For the areas I wasn’t familiar with like web development, I found success in hosting this website on Digital Ocean and creating it as a Flask app. DO directly syncs with the GitHub repository I made this website in and makes deploying the app easy. You may be asking yourself, like I did, “Why did you choose SQLite over DuckDB?” The answer is that I was running into package dependency errors with a DuckDB database that weren’t worth the millisecond loading speed difference between it and SQLite, causing data sync issues. An older database instance would bulldoze the new data with a cached state on auto-refreshes making my data appear out of sync. This was my first time trying to use DuckDB for something enterprise-ish instead of a personal project and I was left slightly disappointed by it. If I wasn’t rushing to get this website out (the portal window closes in 4 days!) I would’ve spent more time investigating. And for the math-leaning folks reading this, my TVS model is currently sitting around a .73 AUC, with hopes that future data can improve this. Through completing this project, I’m learning why people don’t do SQL-first development when building websites.
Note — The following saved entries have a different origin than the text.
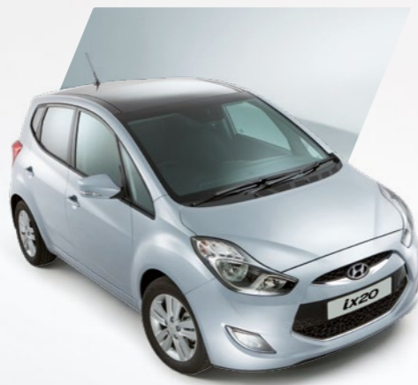
Sleek Silver - Metallic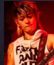
K.A.Z (VAMPS/OBLIVION DUST)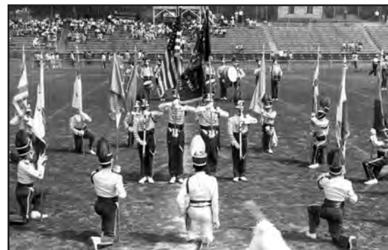
PITTSFIELD CAVALIERS, Pittsfield, MA (1964).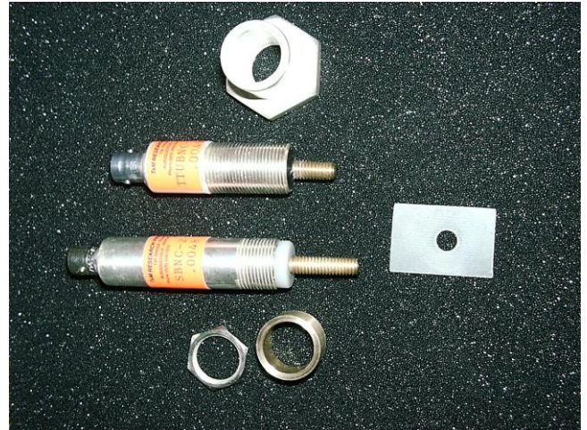
Picture 2: SBNC shunt optional with tiny locking nut for better access near snubbers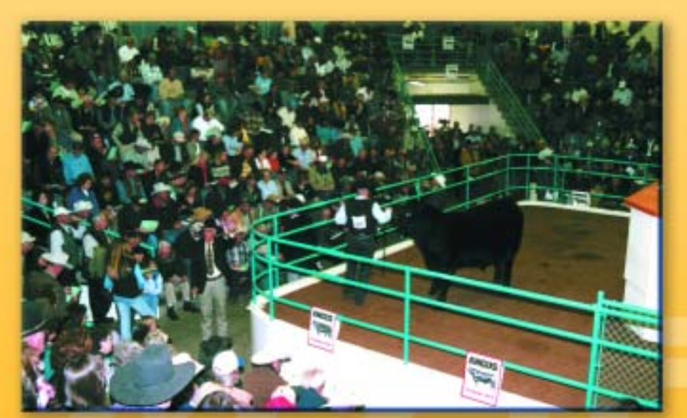
►Bulls that sell through the only American Angus Association-sponsored sale are paraded before a standing-room-only crowd of buyers from across the world. The high-selling bull sold for $60,000.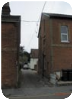
Yard off of Jubilee Road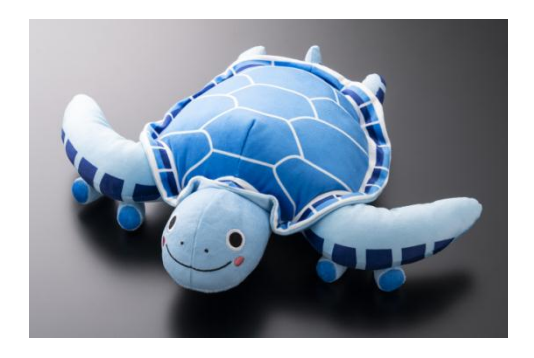
HONU doll (Lani) 1/500 scale: approximately 14.6 x 16.3 x 5 cm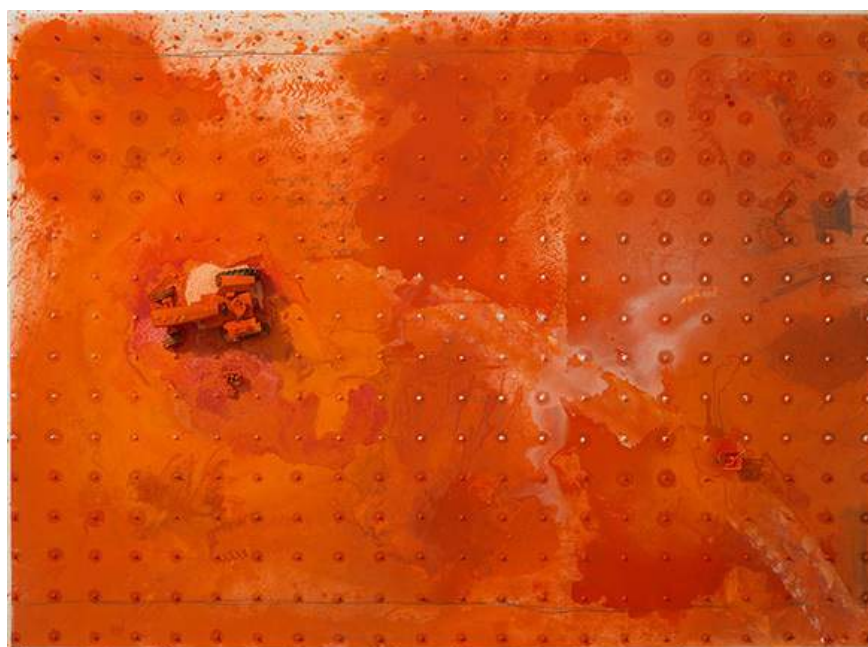
"Tractor carbassa" 2012-2014, mixed media on wood, 157 x 206 x 18 cm (61,8 x 81.1 x 7,09 in)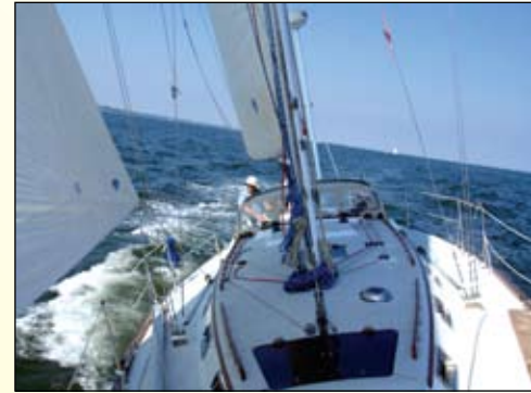
Sailstice, New York, Long Island Sound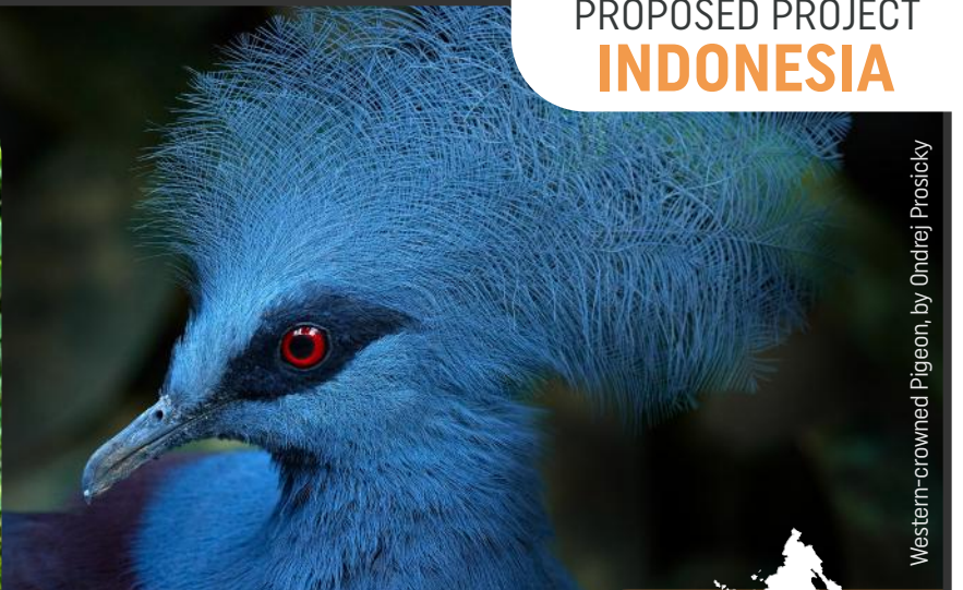
Western-crowned Pigeon, by Ondrej Proszicky

I have a much more profound respect for front-end engineers than before.
Future Projects
In a haste to release this site before the transfer portal window closes, I’ve focused on the math, models, and data collection. Later on, I’d like to include more UI features such as coach behavior tracking and recruit patterns. Do strong recruiting pipelines carry over with coaches or persist through hiring and firing cycles? What coach could be dropped into a situation perceived as completely foreign to them (no staff connections or geographic ties) and succeed? Assigning grades to coaches is on the roadmap. The whole coaching aspect of the website is something I’ll work on in the coming months. Along with this will be a never-ending cycle of data collection and correction. All of the data is in there, I just am having trouble with the front-end UI. The front page and ‘explorer’ tabs work better than the individual player pages, and I need to finish building it out. I’m still brainstorming the best ways to show different player stats over time. To export any data, use the ‘Explorer’ tab. I’ve also built areas for injuries and awards, but haven’t imported that data yet.
The search bar continues to be a puzzle I can’t crack (players listed as in the portal who are already committed, font mix-ups) but it functions well enough for now. Individual player slugs are easy to interpret if you want to bypass it.
I think this site can serve as an information source for college football staffs a) looking for new players or b) seeking information on how their competitors strategize in the transfer portal and recruiting markets. This is still a work in progress, but I started collecting class of 2026 commitment data as well for each team:
Feel free to check it out here, and let me know what you think. I’d love to hear any and all thoughts on this.
Release Notes: Wednesday January 14th, 2026
Thanks everyone for all of your feedback! I went ahead and made some changes based on it.
Added a (Beta) next to the “NIL Value History” graph to emphasize how it’s still a work in progress.
All service academy players now show as 0 TVS.
I was running into an app error due to my API data refresh for the site’s daily transfers messing with manual overrides I have to correct data on the backend. I resolved these with a new staging table in SQLite.
Removed reds from values to reduce negative connotation(s).